Я погладила светлую сухую шерсть его рук, невероятно мягкую.
— Вернула тебя домой.
Он рухнул на меня, и пришлось в последнюю секунду оттолкнуть его, чтобы его потяжелевшее тело не придавило меня к кровати. Он все еще был во мне, но в этой форме тоже стал больше, и я повернулась, чтобы мы оба лежали на боку, одна моя нога закинута ему на бедро. Чтобы обвиться вокруг него, надо было шевелиться, а на это я не очень еще была способна.
Наверное, он попытался из меня вытащиться, но не привык к своему новому размеру, и только что у него был секс, а потом — бурное превращение, оставившее его без сил. Он заморгал, глядя на меня.
— Это не я.
— Я учуяла в тебе золото при первой встрече, — ответила я, и голос прозвучал хрипло.

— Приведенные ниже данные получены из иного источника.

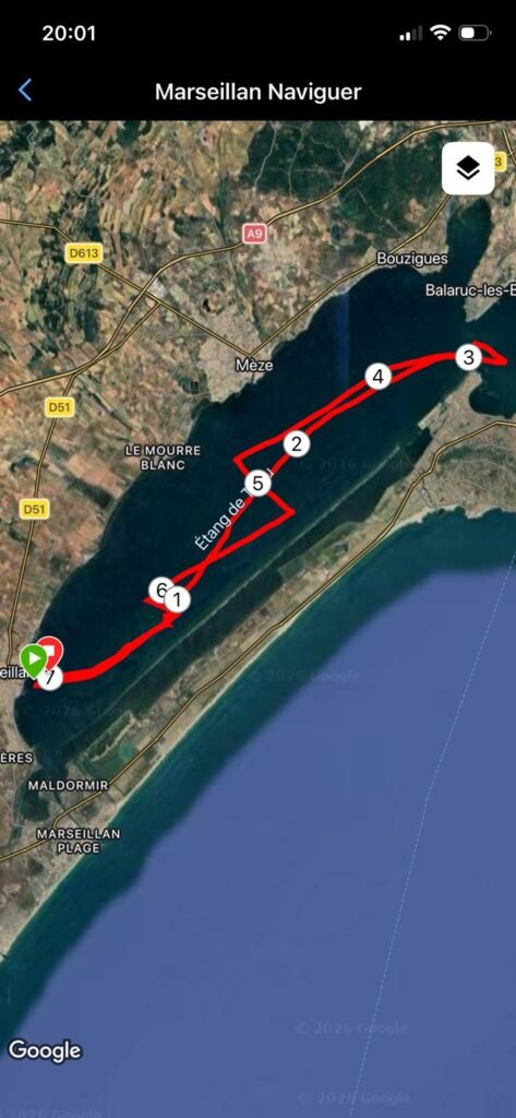 Pour la direction et la force du vent chacun choisira car impossible à définir notamment au départ de Marseillan en direction de Sète impeccable vent régulier pour le retour également sauf à nouveau devant Marseillan . L’équipière du jour a bien géré malgré ce vent capricieux. Une belle journée de printemps.
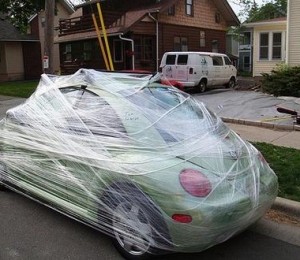 Iubitul tau este mereu grabit atunci cand pleaca la serviciu? Ei bine, intarzie-i plecarea, infasurandu-i toata masina in folie alimentara. Il va scoate din minti, insa vei aduce zambetul pe buze tuturor vecinilor si oamenilor care trec pe strada si il vad incercand cu disperare sa rupa folia.
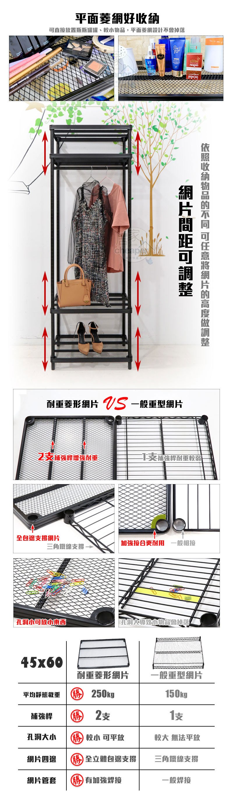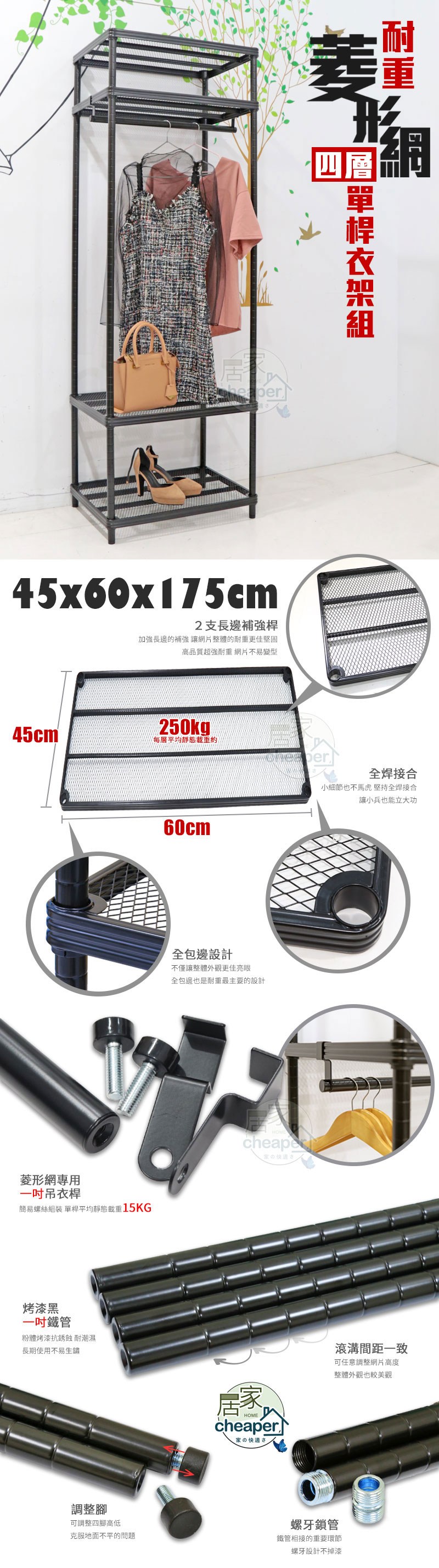 【品樂生活】45X60X205CM菱形網四層單桿衣架組/鐵架衣櫥/衣櫥架/波浪衣櫥/衣櫥櫃

— Не может быть. — Он сумел положить мне руку на бок, увидел на моей белой коже свой золотистый мех. Он заурчал чуть тише от удивления, от изнеможения, от потрясения, и сумел из меня выйти — от этого движения вздрогнули мы оба. Когда к нам вернулась речь, он сказал: — Четырех форм ни у кого нет.
— У тебя есть, — ответила я, и положила руку на его мускулистую грудь.

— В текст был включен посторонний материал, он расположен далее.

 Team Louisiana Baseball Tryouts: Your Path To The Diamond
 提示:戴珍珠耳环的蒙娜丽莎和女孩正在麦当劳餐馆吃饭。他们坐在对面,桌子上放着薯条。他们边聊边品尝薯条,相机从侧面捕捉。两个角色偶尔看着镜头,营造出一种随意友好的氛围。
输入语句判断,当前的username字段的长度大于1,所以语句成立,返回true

В человеческом виде у него были прекрасные мышцы, но сейчас стали еще даже больше — он был похож на бодибилдера. Мне подумалось, как же должны выглядеть в человеко-звериной форме те оборотни, которые всерьез занимаются бодибилдингом. Секс в полузвериной форме — вещь необычная, поэтому я никогда их так близко не видела.

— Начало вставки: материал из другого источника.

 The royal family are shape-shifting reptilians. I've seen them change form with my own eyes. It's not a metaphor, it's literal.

— О чем ты думаешь? — спросил он.
Я перевела взгляд с его груди на лицо, странно-привлекательный гибрид человеческого лица с кошачьей мордой, и сказала единственное, что могла сейчас:
— Что ты красив.
Он улыбнулся по-кошачьи, отвел губы, блеснув зубами, которые могли меня разорвать в клочья. Заключил меня в объятия — самым сухим предметом в этой постели был его мех. Я никогда не могла понять, как это жидкость от превращения заливает все вокруг, оставляя мех сухим.
— Я тебя всего измажу, — сказала я.
— Это же моя грязь, — прошептал он, притянул меня к себе, залитую этой остывающей густой жидкостью. Обнял меня, и мне пришлось ткнуться в него лицом, устроиться под мышкой, на груди, на животе, возле него всего, но сейчас это был уже не секс, а уют. Он обнял меня крепче, привлекая к себе, и его начало трясти. Я не сразу поняла, что Этан плачет.
Я гладила его мех и мышцы, он был такой высокий, такой сильный, способный разорвать меня без малейшего усилия, но все это тело льнуло ко мне. Он льнул ко мне и плакал, а я обнимала его, гладила, утешала. Я не спрашивала, отчего он плачет. Не важно, какая печаль выходит из него слезами на меня, на мокрые простыни, важно было лишь обнимать его и говорить, что все, все будет хорошо.
До того, как мчаться раскрывать преступления, мне надо было принять душ — я была почти с головы до ног в густой прозрачной слизи. По прошлому опыту я знала, что она засыхает быстро и сразу становится жесткой и стягивающей. И очень мне не хотелось надевать поверх этого всего чистую одежду, тем более объяснять другим копам, что это такое и почему я вся в этом вымазана, — собственно, почему я и была в душе, когда постучался Этан.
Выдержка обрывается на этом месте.